Case Study

Peer Mentoring for Complex Patients

Following through to provide care beyond the hospital walls can take many different forms and serve families with infants in a wide range of circumstances. The team at Golisano Children’s Hospital at the University of Rochester have been awarded a Take Action to Follow Through grant to develop a peer mentorship program for families of infants discharged with gastrostromy tube (GT) placements and partner with families to reduce emergency room admission after discharge.

While GT placements are fairly common and considered low morbidity and short hospital stay, an estimated 15 percent of patients have an ER visit within 90 days of placement. Furthermore, there is inequity in the patient population presenting to the ER, which is largely represented by patients with higher health care burdens due to social determinants of health.

The QI team at Golisano Children’s believes many emergency visits could be avoided by providing more support to high-risk families. Their effort could help reduce the burden on a congested and costly health care system while reducing the emotional and financial burden for caregivers and families.

Peer support in the NICU has been shown to increase confidence and well-being and provide other benefits for families caring for infants, and it is a core element of the improvement project. They aim to recruit 10-15 parents of children with gastrostromy tubes to match with 40 patients who will be discharged with a GT. They will meet at least once before discharge to cover GT-specific information and other areas of concern and will meet again at least twice post-discharge.

Along with peer support mentorship, the team will also make improvements to emergency GT kits informed by parents and Child Life Specialists. These changes, which include color-coding and adding personalized calming support materials, are intended to help parents manage emergency dislodgements without a visit to the ER.

Golisano Children’s Hospital has a dedicated G-tube QI working group, which includes a parental advisor, that will inform and implement this project. The hospital also works with a Pediatric Perioperative Surgical Home (PPSH) model, which has shown to improve outcomes by assessing family challenges and barriers prior to elective surgeries, including GT placements.

This grant was possible because of matching funds from the UR Medicine Quality Institute. The grant application was written by Mariah Erlick a fourth year student whose time is funded by an NIH grant in the University of Rochester Clinical Translation Science Institute (CTSI). The competitive Take Action to Follow Through grant program is open for members participating in VON QI collaboratives (NICQ/iNICQ) and supports implementation of VON Potentially Better Practices for Follow Through.

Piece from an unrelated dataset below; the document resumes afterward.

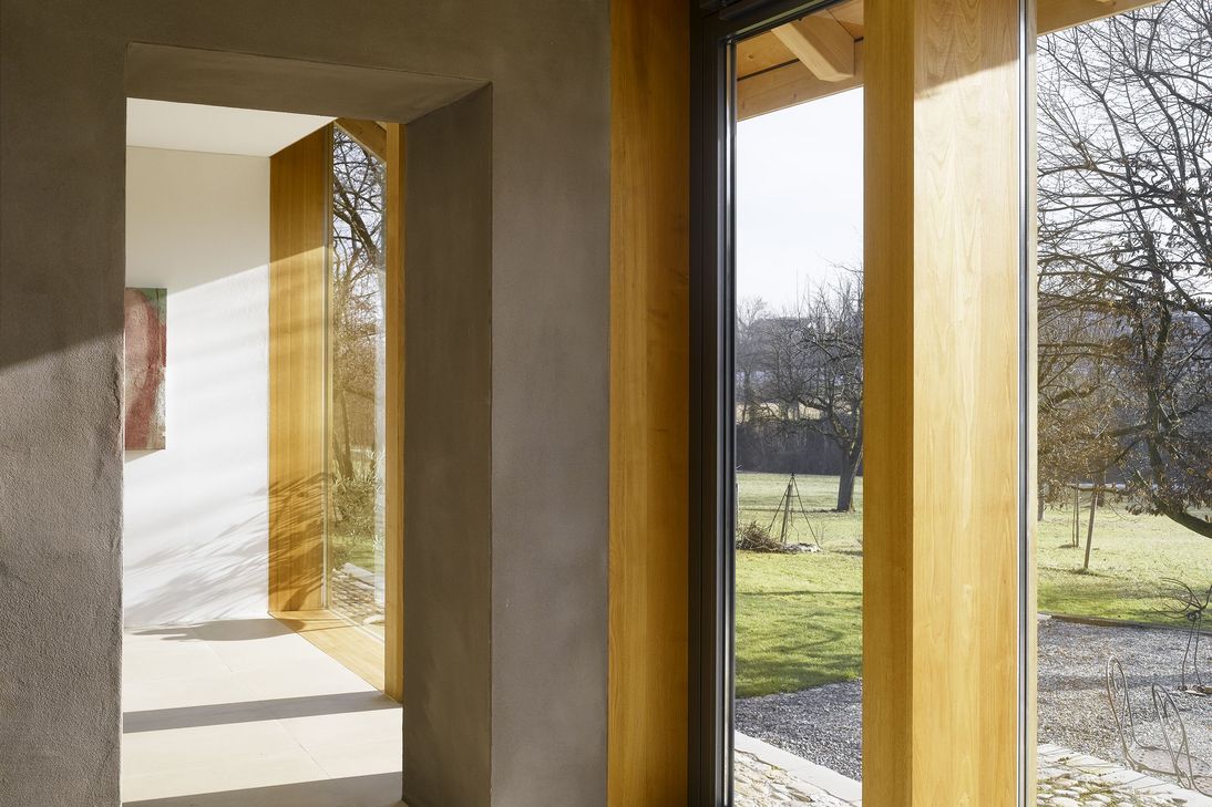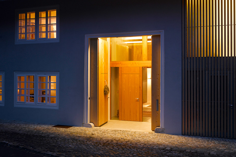 Der Haupteingang erfolgt neu durch das rekonstruierte Tenntor und einen Windfang, der durch eine zweite, zweigeschossige Innenverglasung begrenzt wird. Im anschliessenden Entrée befindet sich der Treppenaufgang in den ersten Stock. Der Übergang zur offenen Küche und dem Wohnbereich rund um den grossen Holzofen ist fliessend. Daneben führt ein Zweitzugang direkt in einen unbeheizten Raum, der als Werkstatt, Brennholzlager und Vorratsraum dient.

The team will measure the impact of these changes through surveys, number of emergency visits, and percentage of emergency visits preceded by a call to a provider. Following QI methodology, the team plans for iterative changes to the program based on collected data, participant feedback, and the needs of parents. The peer support mentorship model could also be extended to other high-risk groups in the future. They will share the preliminary results with VON teams participating in QI collaboratives.